Let that sink in. The 18-line agent — basically "you are a calibrator, check your memories" — achieved perfect calibration (gap = 0.0) where no hand-crafted expert prompt did.
I treated it as a validation result. The consensus mechanism works. Cool. Ship it.
What I didn't realize was that I'd stumbled onto something much bigger buried in the data.
The Question I Never Thought to Ask
Papers 1 and 2 measured single-run performance. Does the agent do better with memory? Yes. Done. Move on.
But I never asked: does it get better over time?
Think about it. Human organizations exhibit this property naturally. Your team's 100th project is better than their 1st, because institutional memory accumulates. Process improvements, failure post-mortems, domain expertise — it all compounds.
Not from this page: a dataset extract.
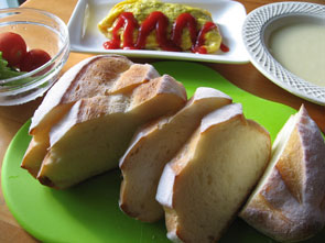 ~今朝の朝ごパン~今朝はこーんなサンドを食べたよ~~近所にあるカフェに ↑ こーんなサンドがあるの!!お店のはスモークサーモンと照り焼きチキンの2種類あるんだけど 我が家のはチャーシューと卵サンドだよ!昨日 クイックヨーグルト酵母で焼きました成形は麺棒で適当に伸ばして~折りたたむときに オーブンシートを挟みこんでいまーす(^^) そのまま2次発酵~ 焼成します! ↑ こちらの白パンのレシピで作りました~~ 手作りチャーシューは前日のつまみの残りね・・・(^^;)話は変わり~なのですが 昨日一年生の娘が学校から こんな本を借りてきました 小学校の家庭科の授業でやりそうな??ゆで卵~とか野菜の切り方~みそ汁の作り方~なんかが書いてありました!!懐かしいですね(^^)娘・・・・目覚めたか??? というわけで 今日はフレンチドレッシングにチャレンジ~~ 計量スプーンを使って材料を入れて~ シェイクシェイク~早速今晩のサラダで頂きまーす(^^)子供たちがお料理に興味をもってくれるのは とっても嬉しいな♪って思う母なのでした~~

A junior dev on a good team ships better code than a senior dev working alone, because the team's collective knowledge makes every individual better.
I didn't think to ask whether AI agents would do the same thing. Because honestly? I wasn't looking for it.
Paper 3 changed that.
An Entire AI Company Running on 3-Line Prompts
For Paper 3, I scaled from single agents to a full organization. I created a fictional cybersecurity company — CipherForge Labs — with 11 specialized AI agents across 5 departments: Design, Evaluation, Quality, Red Team, and Executive.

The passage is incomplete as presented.